Recorded information:

★ ★ ★

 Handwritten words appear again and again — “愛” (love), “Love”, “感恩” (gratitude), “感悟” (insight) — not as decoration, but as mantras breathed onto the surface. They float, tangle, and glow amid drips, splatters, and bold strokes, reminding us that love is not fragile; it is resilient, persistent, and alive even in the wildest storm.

★ ★ ★

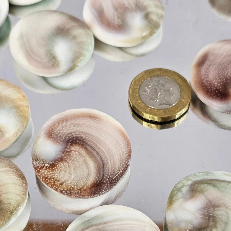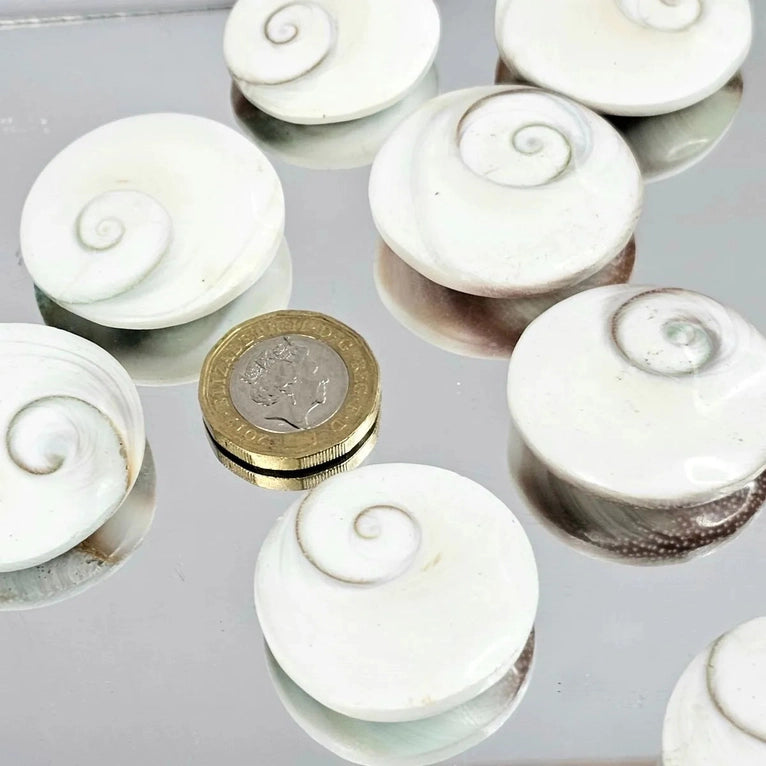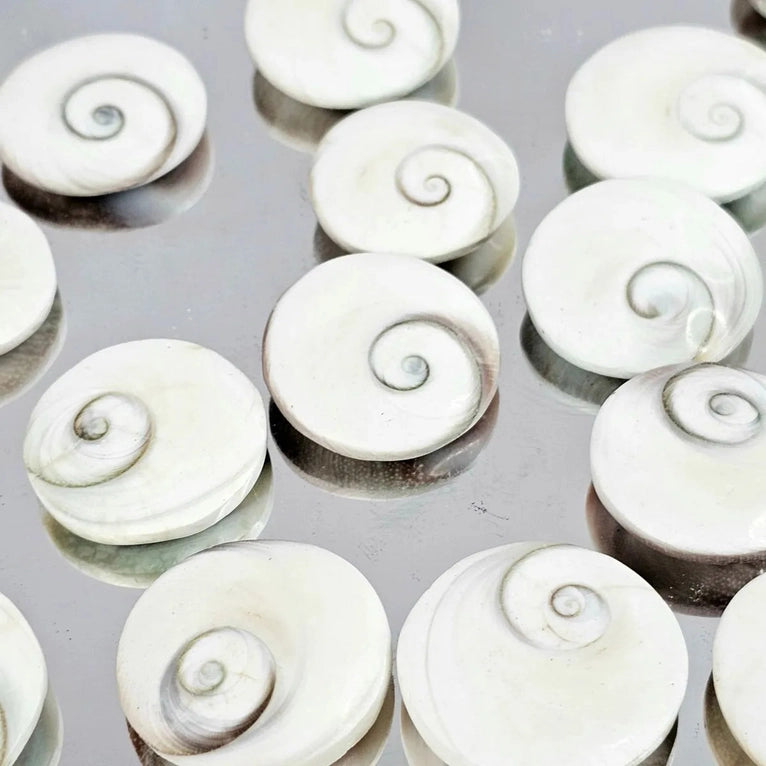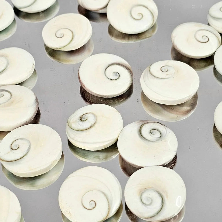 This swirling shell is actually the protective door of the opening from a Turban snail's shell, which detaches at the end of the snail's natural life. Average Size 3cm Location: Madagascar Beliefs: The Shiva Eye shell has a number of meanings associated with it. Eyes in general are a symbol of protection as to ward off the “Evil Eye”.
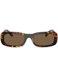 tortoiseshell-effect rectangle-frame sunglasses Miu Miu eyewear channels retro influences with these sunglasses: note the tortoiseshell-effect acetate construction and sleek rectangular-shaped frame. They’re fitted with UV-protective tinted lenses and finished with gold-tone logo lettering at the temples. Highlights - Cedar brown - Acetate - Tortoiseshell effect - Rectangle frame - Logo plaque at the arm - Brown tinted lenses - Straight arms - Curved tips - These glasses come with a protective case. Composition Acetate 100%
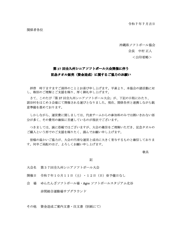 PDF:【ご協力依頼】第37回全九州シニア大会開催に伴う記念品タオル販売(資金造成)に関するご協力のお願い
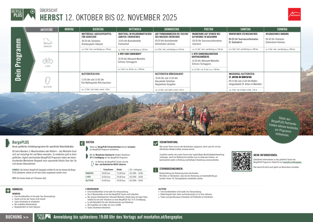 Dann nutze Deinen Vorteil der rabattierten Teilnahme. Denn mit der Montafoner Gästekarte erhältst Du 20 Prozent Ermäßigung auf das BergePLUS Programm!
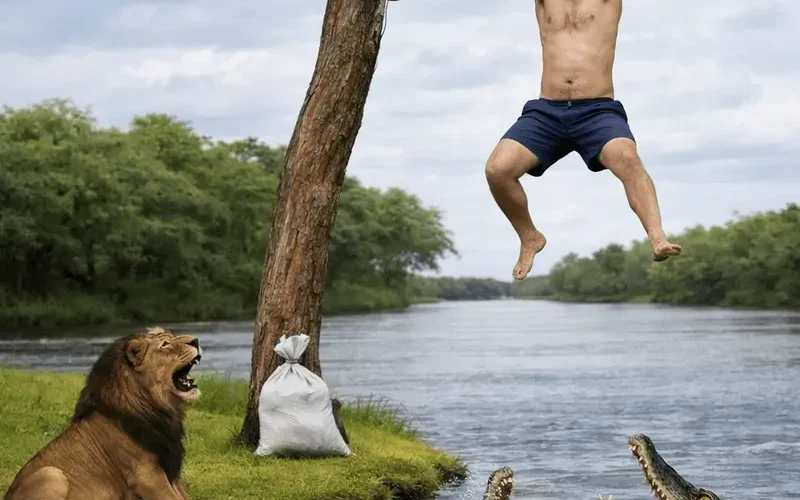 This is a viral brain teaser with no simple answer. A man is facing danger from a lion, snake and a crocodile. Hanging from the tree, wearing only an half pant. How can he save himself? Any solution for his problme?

★ ★ ★

The lines to set down run from the line with "PDF:【ご協力依頼】第37" up to and including the line with "Dann nutze Deinen" in the entries above. Reproduce them exactly, with no pictures.

 PDF:【ご協力依頼】第37回全九州シニア大会開催に伴う記念品タオル販売(資金造成)に関するご協力のお願い
 Dann nutze Deinen Vorteil der rabattierten Teilnahme. Denn mit der Montafoner Gästekarte erhältst Du 20 Prozent Ermäßigung auf das BergePLUS Programm!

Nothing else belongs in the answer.